_Exercise prompt_
When you transcribe the listing, keep each line exact and drop the pictures.

_Supplied material_
####
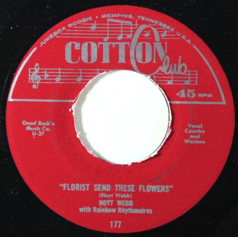Hoyt Webb aus Montgomery, Alabama, hatte eigentlich nur zwei Singles eingespielt, nämlich bei RUBY in Hamilton, Ohio, und auf DIXIE, eine STARDAY-Customer-Pressung, welche aber auch in Ohio bei RITE hergestellt wurde. COTTON CLUB war lediglich eine Übernahme und dazu noch eine unerlaubte, also eine Raubpressung. Bootleg klingt natürlich etwas feiner, zumindest für den Laien. Für die Herstellung ohne rechtliche Grundlage wird einmal das Jahr 1959 und einmal das Jahr 1961 angeführt. Ich traue beiden Daten nicht über den Weg. Record Mart aus England hat, wenn ich richtig informiert bin, die Rechte besessen. Der von Dieter gezeigte Scan ist daher regulär, aber aus den Siebziger-Jahren oder vielleicht noch später. Ich habe das Original, eine RCA-Customer-Pressung, im Netz gefunden und hier angehängt damit man weiß, wie es ausgesehen hat. Als Draufgabe gibt es noch die DIXIE, die ich mir von Terry Gordon (was macht er wohl seit November 2012?) ausgeborgt habe.
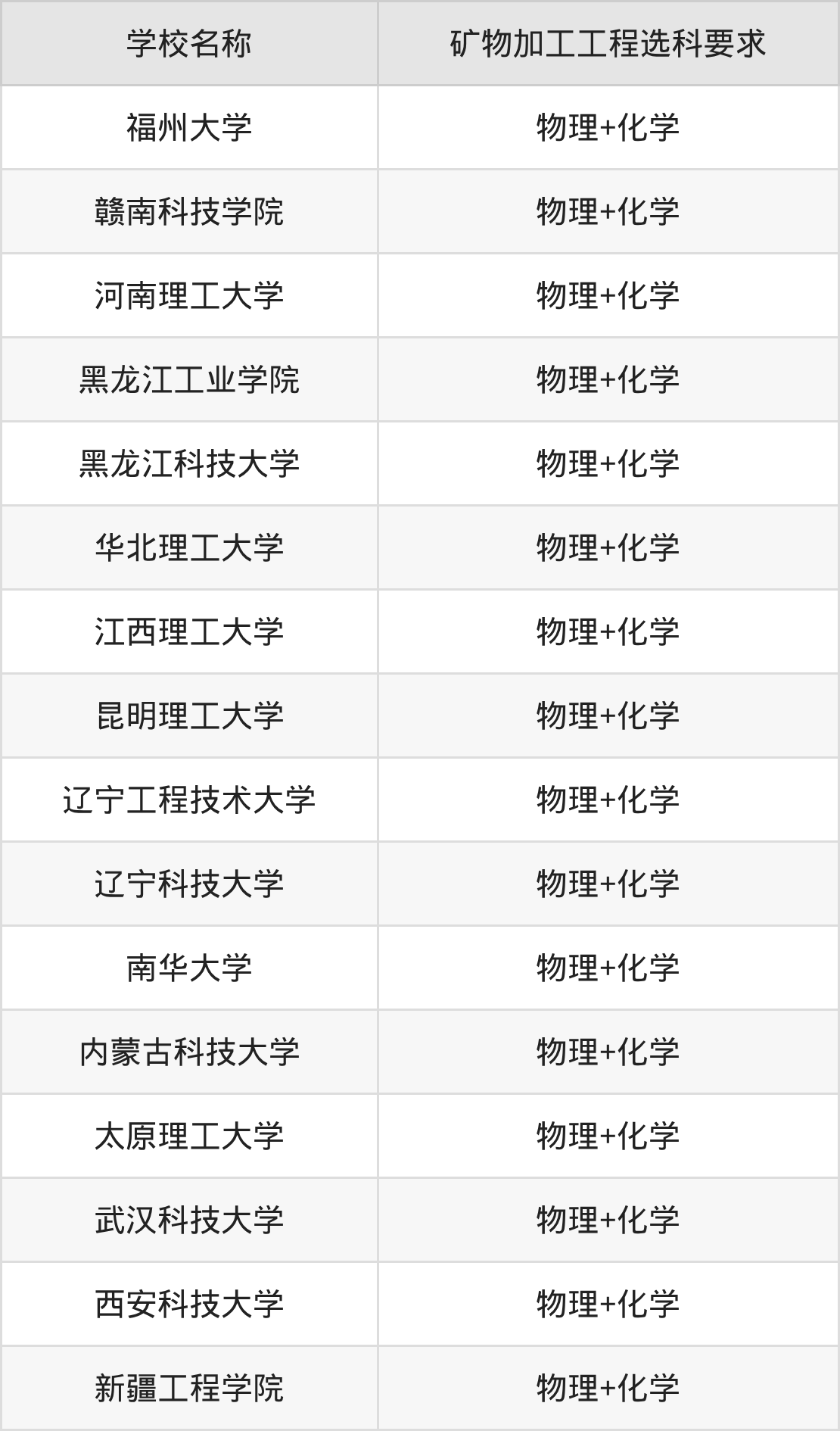 以安徽高考最新招生计划为例进行统计,在不可报的学校中,有18所本科大学的矿物加工工程专业招生时,要求考生必选“物理+化学”。
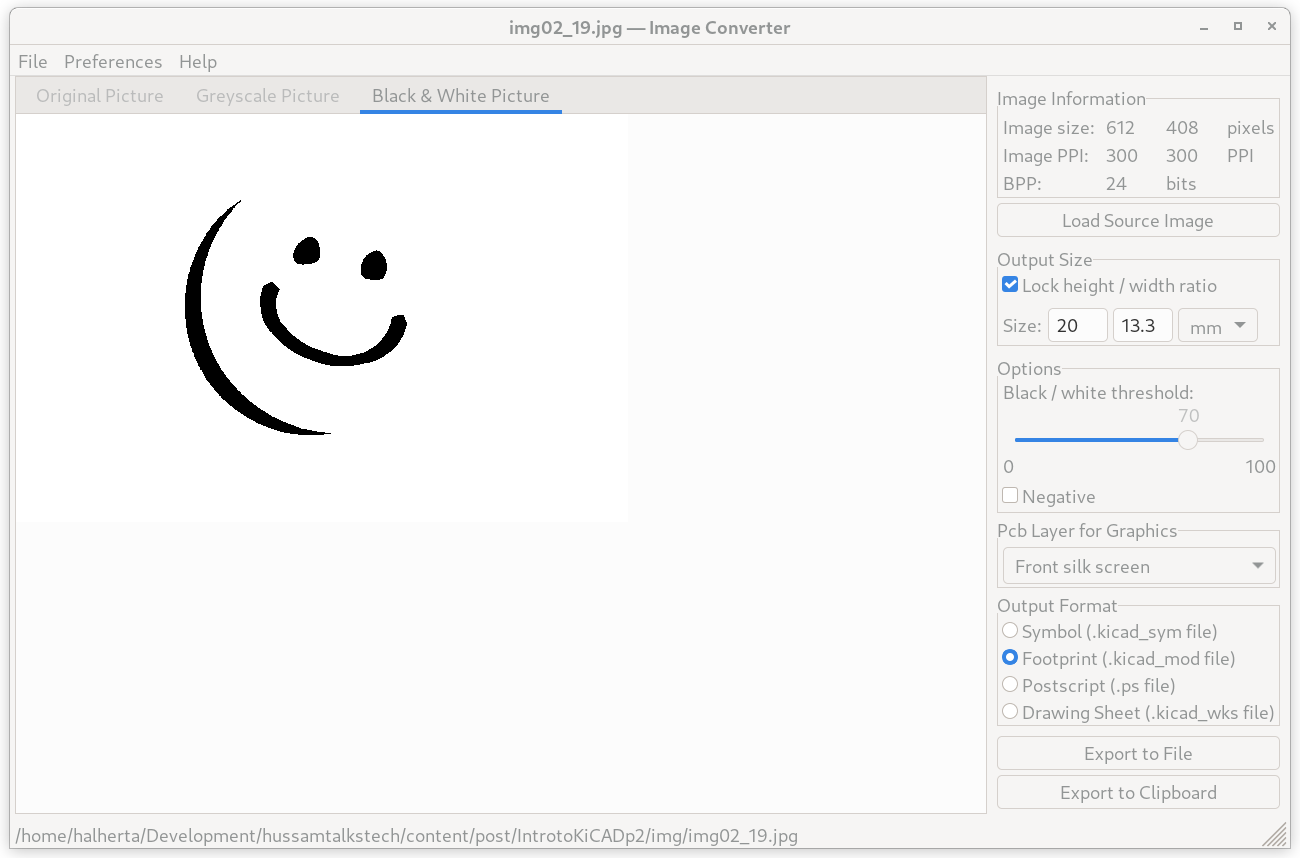 - Press the Export button and save the file as smiley.kicad_mod in the logos.pretty folder (Figure 21).
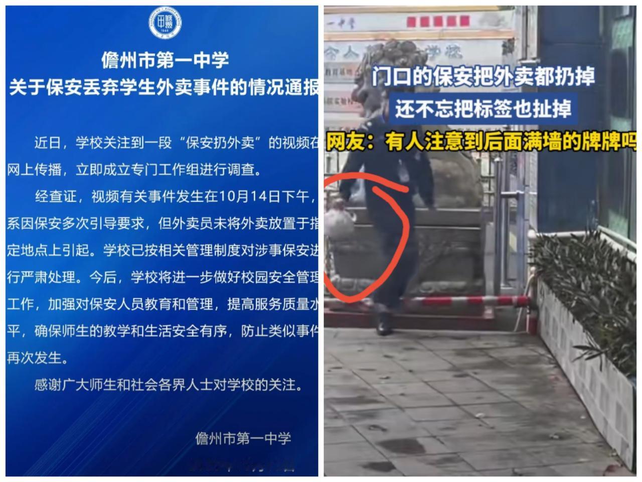 离谱!三天两起,又一个保安因学生点外卖而做出冲动的举动。 今天杭州某学校门口保
####
_Final answer_
Hoyt Webb aus Montgomery, Alabama, hatte eigentlich nur zwei Singles eingespielt, nämlich bei RUBY in Hamilton, Ohio, und auf DIXIE, eine STARDAY-Customer-Pressung, welche aber auch in Ohio bei RITE hergestellt wurde. COTTON CLUB war lediglich eine Übernahme und dazu noch eine unerlaubte, also eine Raubpressung. Bootleg klingt natürlich etwas feiner, zumindest für den Laien. Für die Herstellung ohne rechtliche Grundlage wird einmal das Jahr 1959 und einmal das Jahr 1961 angeführt. Ich traue beiden Daten nicht über den Weg. Record Mart aus England hat, wenn ich richtig informiert bin, die Rechte besessen. Der von Dieter gezeigte Scan ist daher regulär, aber aus den Siebziger-Jahren oder vielleicht noch später. Ich habe das Original, eine RCA-Customer-Pressung, im Netz gefunden und hier angehängt damit man weiß, wie es ausgesehen hat. Als Draufgabe gibt es noch die DIXIE, die ich mir von Terry Gordon (was macht er wohl seit November 2012?) ausgeborgt habe.
 以安徽高考最新招生计划为例进行统计,在不可报的学校中,有18所本科大学的矿物加工工程专业招生时,要求考生必选“物理+化学”。
 - Press the Export button and save the file as smiley.kicad_mod in the logos.pretty folder (Figure 21).
 离谱!三天两起,又一个保安因学生点外卖而做出冲动的举动。 今天杭州某学校门口保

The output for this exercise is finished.